Наверное, Царство Мертвых неподвижно, там отдыхают души от тяжести земной. Так почему же жизнь отяжелела, огрузнела, отчего стала так давить на шею и сгибать плечи? Отчего стало труднее дышать — вокруг то же небо, та же тайга и река? Те же ветры над озерами и туманами, те же берега держат реку, над которой с криком проносятся чайки. На памяти Тимофея, на памяти всех живущих в Евре все, что окружало их, казалось устойчивым, плотным, и люди рождались, чтобы повторить все и повториться. Закон — повторить все и во всем повторяться? Но почему что-то мешает жить так, как жили деды? Что мешает — ну-ка оглянись! Оглянись вокруг, Тимофей Картин! Вглядись — у тебя же зоркие глаза, у тебя умное, сильное сердце. Почему и ты, хранитель капища, почему уже и ты не веришь слепо в своих богов? Почему? Научился грамоте, и что-то приоткрылось тебе? Или Околь прикоснулась к тебе слабым своим Христом, дивными сказками о спасении души, о справедливости, которой не может быть на земле? Оглянись вокруг, Околь! В чем повторяются твои дети? Ведь они уже не могут жить, как Мирон, как Тимофей, они уже не остерегаются языческих законов. Рушится кровля капищ, и рушится потихоньку то, что было родом, что было племенем. И что же рушит древние, исконные отношения людей, что?

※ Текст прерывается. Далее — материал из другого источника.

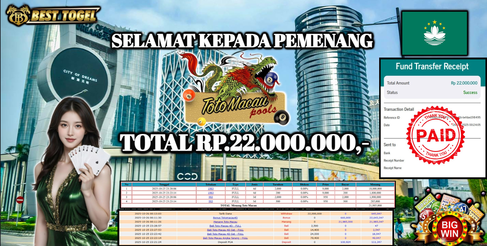 Selamat kepada User id : URS****** Telah berhasil mendapatkan kemenangan besar pada permainan TOGEL TOTO MACAU LOTTO dengan total kemenangan Sebesar Rp 22.000.000,- Setelah mengisi formulir withdraw dengan kurung waktu hanya 5 – 10 menit pihak BESTTOGEL sudah melakukan transfer kepada pemilik Userid dan dana sudah dapat di cairkan oleh pemenang. Bukti pembayaran yang kami berikan merupakan bukti pembayaran yang SAH / VALID yang langung di dapatkan melaui tanda transfer transaksi dari Bank yang di tuju.

— Да, я женщина! Я храню твой очаг, — сказала однажды Околь Тимофею. — Ради тебя и твоих детей я стала поклоняться твоим богам. Но поздно — наступает безверие. Люди еще по привычке молятся и приносят жертвы, но в душах их поселились другие законы. В душах их — боги денег.
…К Околь часто заглядывала девушка Саннэ из деревушки Сам-Павыл, что в пяти верстах от Евры. Саннэ, из рода Лозьвиных, у своей бабки научилась шить красивые сапожки, женские шапки из гагары и шубки из белки. Как это ей удавалось, никто не знал, но перо на груди гагары изумрудно отливало и фиолетово отсвечивало голубичным соком. Шапки из гагары ценились дорого: птицу эту трудно добыть. Она не подпускает на выстрел из лука, а как только щелкнет курок ружья — мгновенно ныряет. Оттого шапки из гагары носили самые щеголихи, красивые женщины, которых еще не устали любить и холить мужья.

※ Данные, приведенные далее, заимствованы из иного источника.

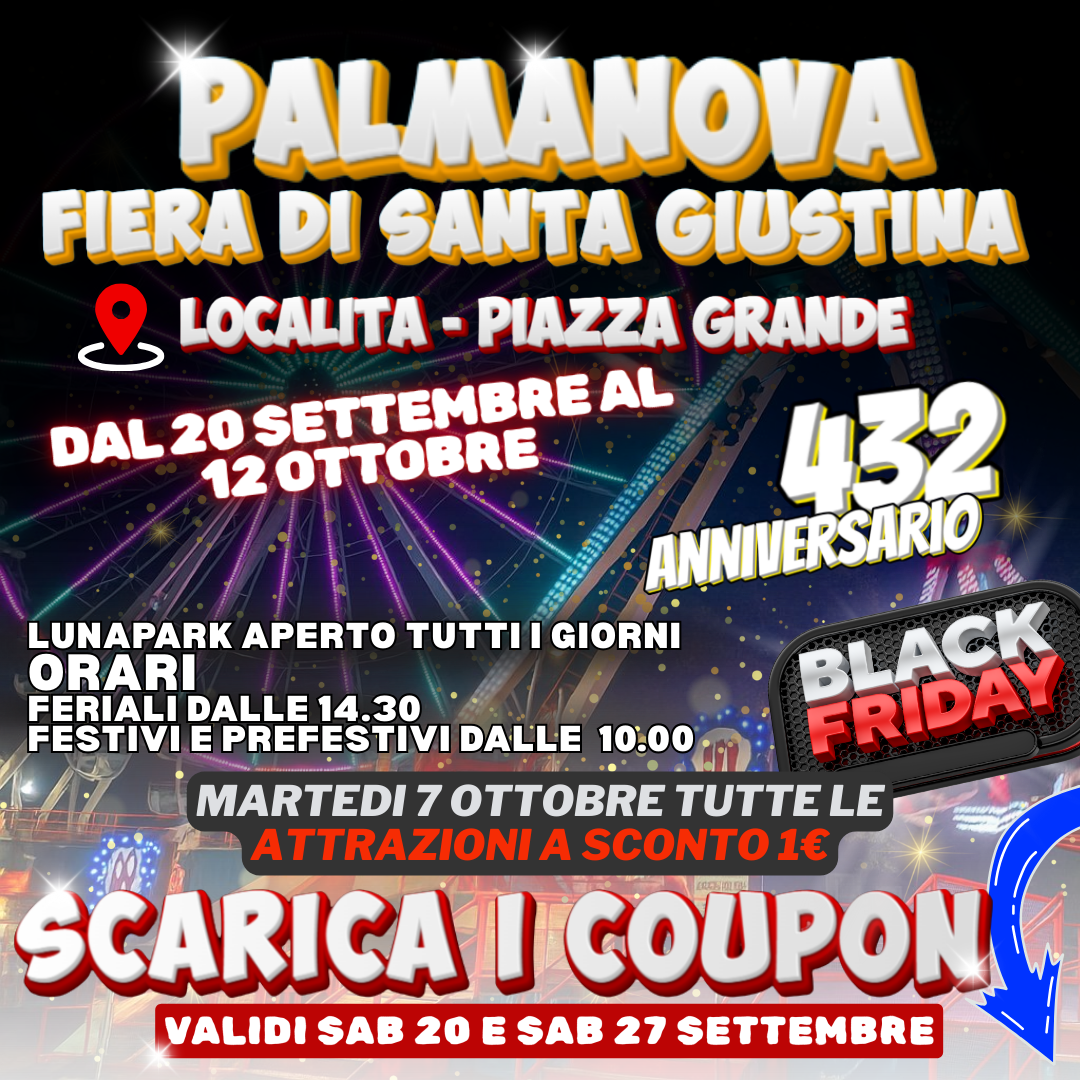 For the first time in Palmanova, the Black Friday concept meets the Luna Park: special days with amazing prices so everyone can enjoy the fun.

— Тетушка Околь! — порывисто обнимает ее Саннэ. — Милая тетушка Околь! Прибежала к тебе за добрым советом. Гляди! — Из берестяной пайвы она вынимает легкую шапку, собранную из перьев селезней, украшенную крыльями куличков и трясогузок.

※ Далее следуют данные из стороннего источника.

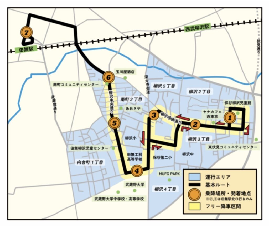 運行するのは田無駅北口と柳沢2丁目にある「むくのき公園」を往復するミニバンサイズのタクシーで、途中の5カ所からも乗ることができます。
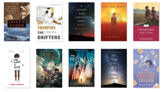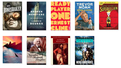 Goodreads says I've read 59 as of today (I'm writing this in the first half of December), but it's looks like they are counting Kill the Farm Boy, which was a DNF (did not finish) for me (it felt like it was trying too hard to me, and I didn't find it funny as I had hoped), so we'll say 58. I've got one in progress I'll finish soon, and two more I expect to finish in December. So, I'll probably finish my year at 61 books read. I set my goal at 52, one per week, and usually can exceed it, without having to pile up on short reads at the last minute, thanks to the magic of audiobooks that let me read while I handle the mindless minutiae of domestic life.
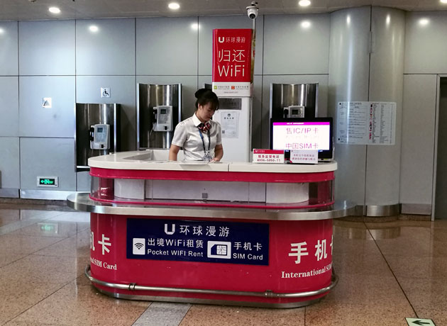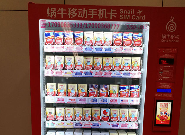 En los aeropuertos chinos que reciben vuelos del exterior, hay máquinas cerca de las mangas de retiro de equipajes que despachan tarjetas SIM de operadores locales con paquetes de datos.

— О, красиво! — восклицает Околь. — Как весеннее озерцо…
— А вот из выдры, гляди! — радуется Саннэ. — А из бурундучков не получилось, скажи?
— Почему же? — разглядывает ее работу Околь. — Только ты эту шкурку поставь здесь, а хвостиками укрась края. А если впереди опушить куницей? Смотри! Али соболем?
— У меня не осталось ни одной собольей шкурки, даже лапки не осталось…
— Найдем! — раскрыла Околь берестяные коробочки, туески, замшевые сумки и достала разноцветные лоскутки сукна, мелкие мотки шерсти и обрезки мехов. — Вот гляди, Саннэ, тут все можно подобрать… Нужно песню играть, Саннэ, нужно зазывать узор, чтобы он не испугался, а прилег как надо. Так учила меня Журавлиный Крик.
И светлым, глубоким, просторным голосом Околь запела:
Пусть чуткие, гибкие пальцы Вышьют искристый и светлый узор…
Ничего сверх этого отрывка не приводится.